Can güvenliğinin yasalar tarafından sağlanamadığı algısı yerleştiğine göre; üniversitesinden Hâkim ve Savcılar Kurulu’na kadar tüm hukuk camiasının, biz nerede neyi yanlış yapıyoruz diye kendisini sorguladığını duyan var mı? İnsan hayatına son vermek 5-6 yıl hapis yatma ile cezalandırılıyorsa, orada ölen öldüğü ile kalmış demektir. Vücut bütünlüğü dokunulmazlığına saldırıda bulunan adliyeden hemen serbest kalıyorsa savunulan yaşam hakkı mıdır?
Ölümü hak edecek bir şey yapmadan, ölmeyi hak etmek... Hepimiz, suçluyu ödüllendiren hukuk anlayışıyla, birinin bizim için “ölmeyi hak etti” yargısına varacağı âna kadar, yaşamaya çalışıyoruz.
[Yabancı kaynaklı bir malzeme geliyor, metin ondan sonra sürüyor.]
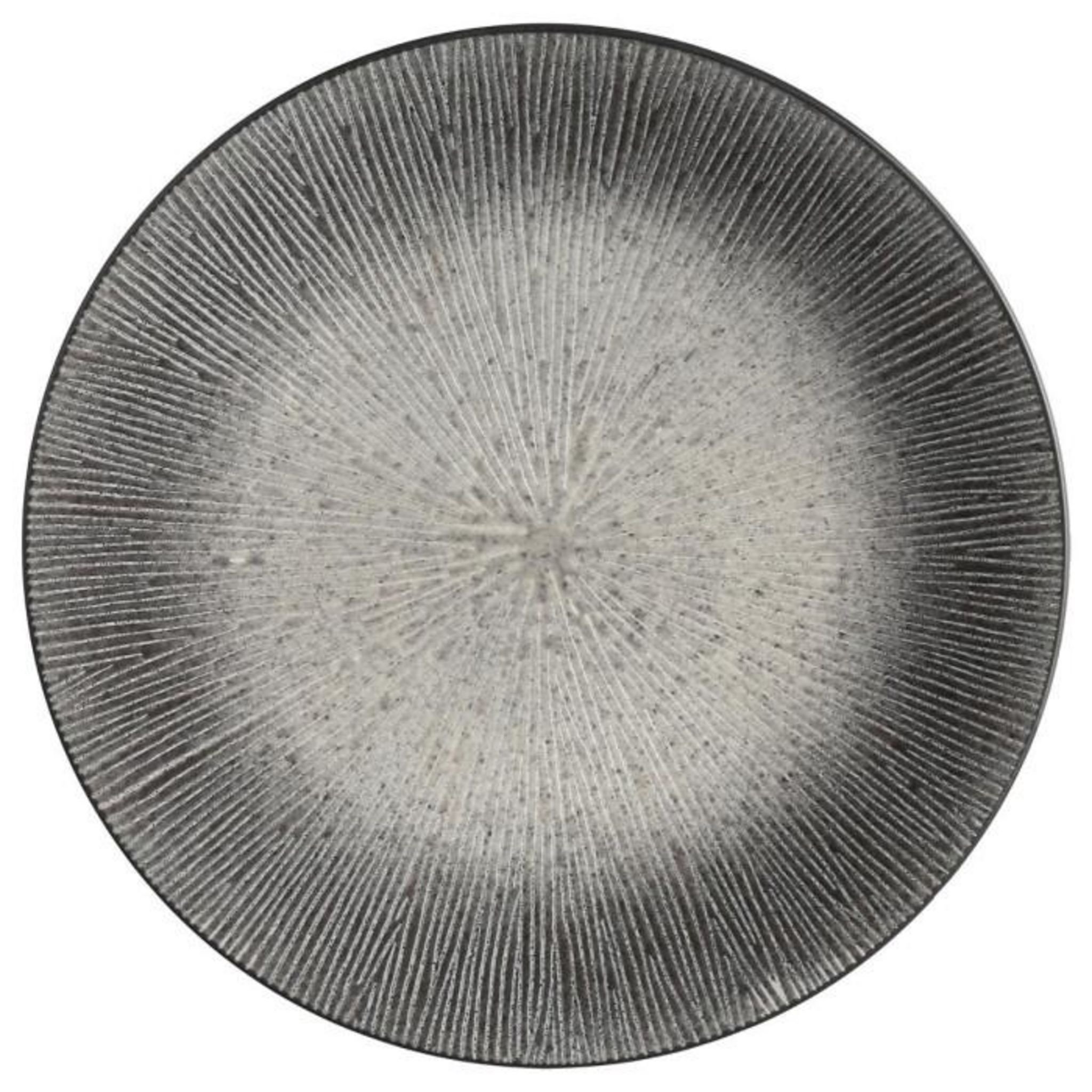 Informations Techniques : Dimensions : D. 27 cm Matière : Grès Vendu uniquement par lot de 6 Passable au lave-vaisselle Couleur : Gris & Blanc
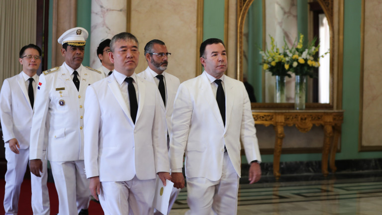 Byung-Yun Kim, embajador extraordinario y plenipotenciario de la República de Corea, al ser conducido para la presentación de sus cartas credenciales ante el presidente Danilo Medina.
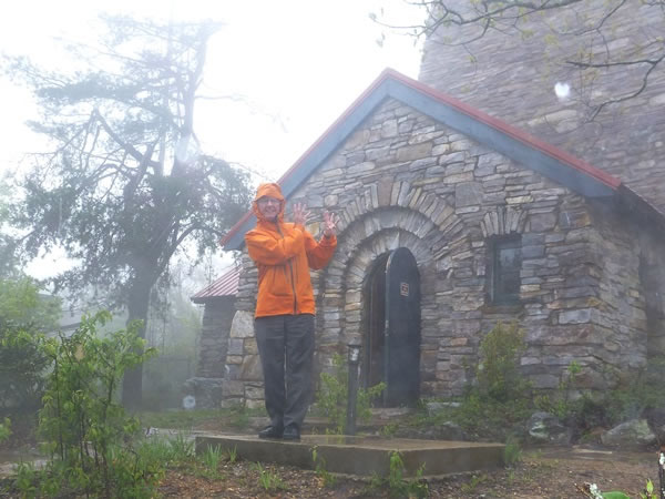 Because it was raining, I put my small waterproof camera on a tripod and quickly a took a photograph of myself using my head to represent 20 and four fingers on each hand to indicate that Mt Cheaha was the 28th US state highpoint I’d either climbed or visited. |
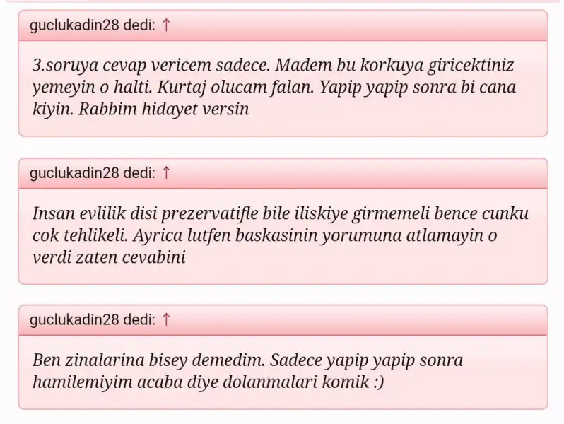 Zina yapıyorsunuz boyle haltlar yemeyin vs minvalinde ki üye kürtaj yaptırdı çok hassas bir konuydu.
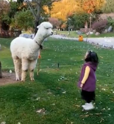 羊驼对向自己礼貌问好的小萌娃居然吐口水
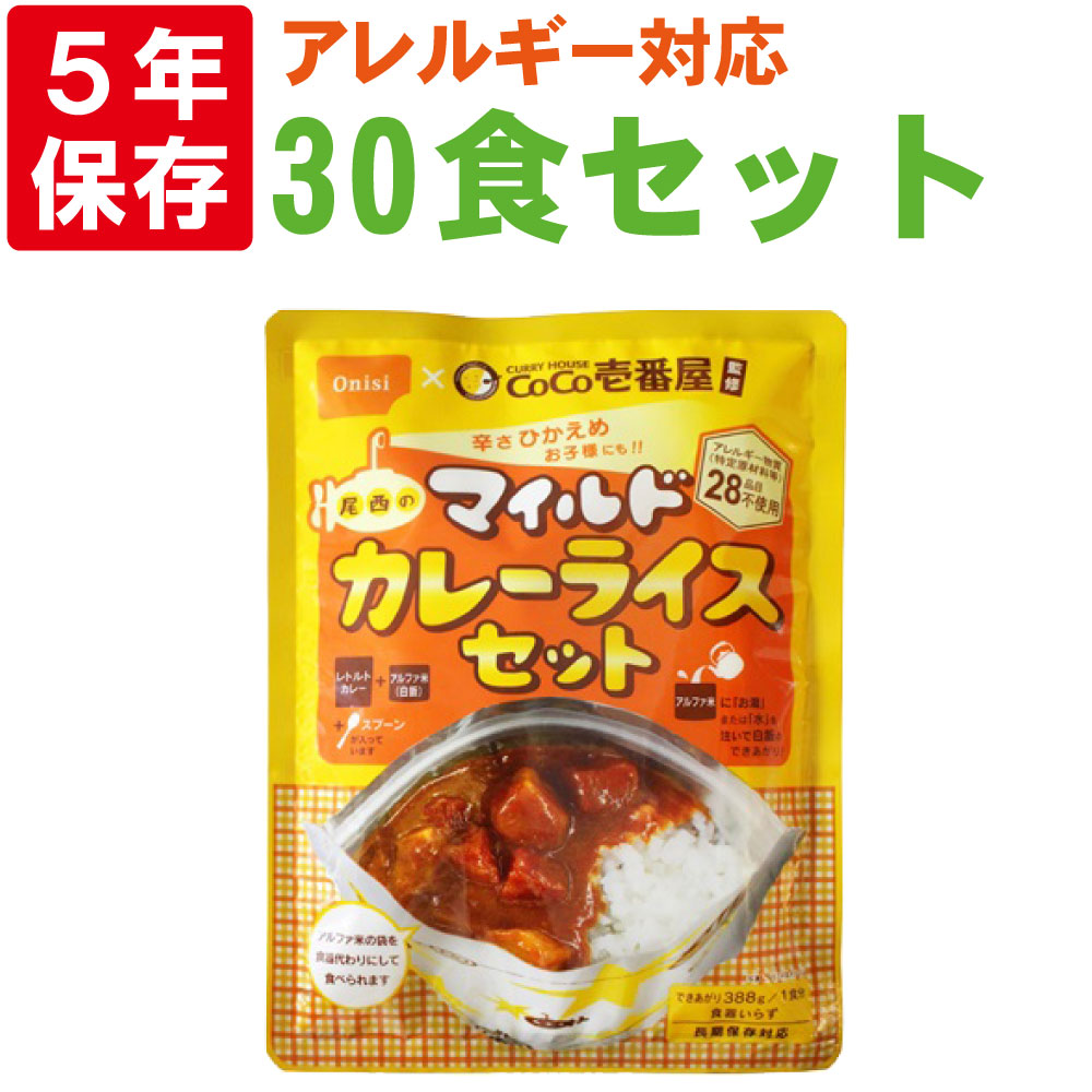 非常食セット CoCo壱番屋監修 尾西のマイルドカレーライスセット 30食セット 5年保存食
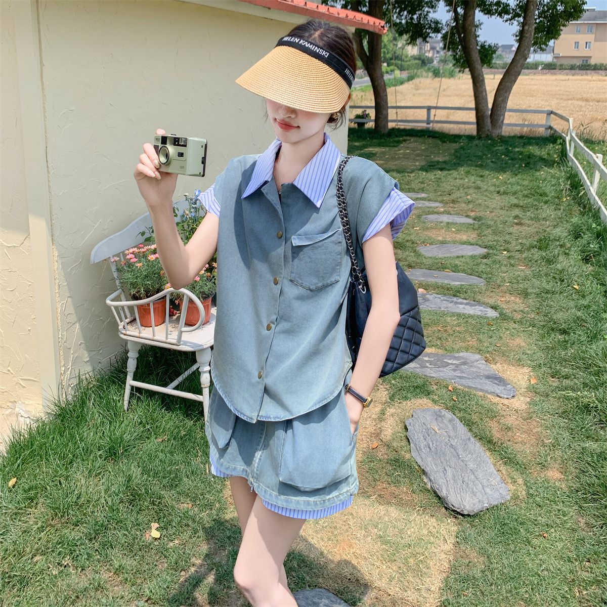盐系假两件牛仔拼接衬衫短裤套装两件套女夏季时尚洋气减龄小个子
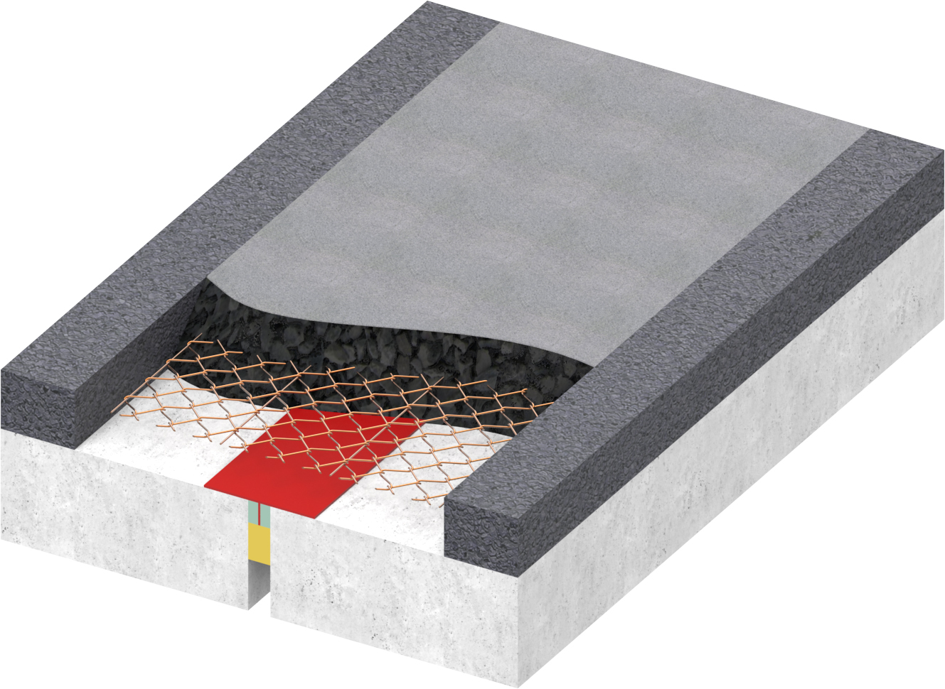 - 特殊合材の特性と中間に敷設された伸縮メッシュにより、桁の伸縮を均等に分散し、吸収する構造である。
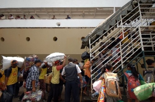 REPUBLIKA.CO.ID, SURABAYA -- Arus mudik Lebaran 2017 mulai terlihat di Pelabuhan Tanjung Perak Surabaya, seiring dengan berlabuhnya Kapal Motor (KM) Labobar yang mengangkut 4.593 orang, Ahad (18/6) sore.
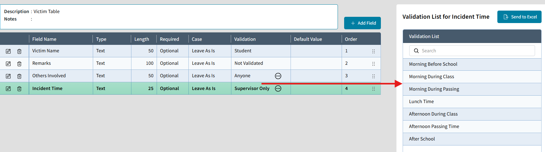 - Select a Field row to view the Validation List on the right panel.
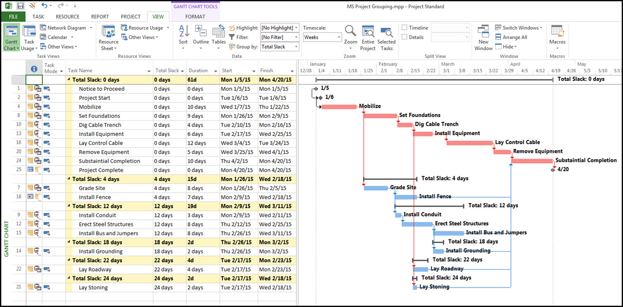 Indicates which activities are non-critical and how long they can be delayed without delaying the entire project (slack).

Yasaların yapıldığı yerde de; parti liderlerinin tek başına karar verip, iki dudağı arasından çıkan emirle vekil olmasına karar verdiği aynı yüzler hep vekil oluyor. Arada çevresi ve hatırı sayılır olanlar ya da “işini bilenler” de bu listelere “yeni yüz” olarak katılmıyor değil, aradan sıyrılıyorlar, haklarını yemeyelim!.. Ancak Milletin iradesi, birkaç parti liderinin iradesine göre şekilleniyor. Partilerin lideri değil de liderlerin partilerinin olduğu bir sistemi eleştiren bir vekil gördünüz mü?
Birkaç kişinin belirlediği isimlerle ortaya çıkan manzaraya millet iradesi dendiği bir yerde, yani Milletin iradesinin ipotek altına alındığı bir yerde kim şiddeti engellemeyi, adaletsizliği ortadan kaldırmayı, eğitimi iyileştirmeyi, nepotizmi, talanı engellemeyi düşünür?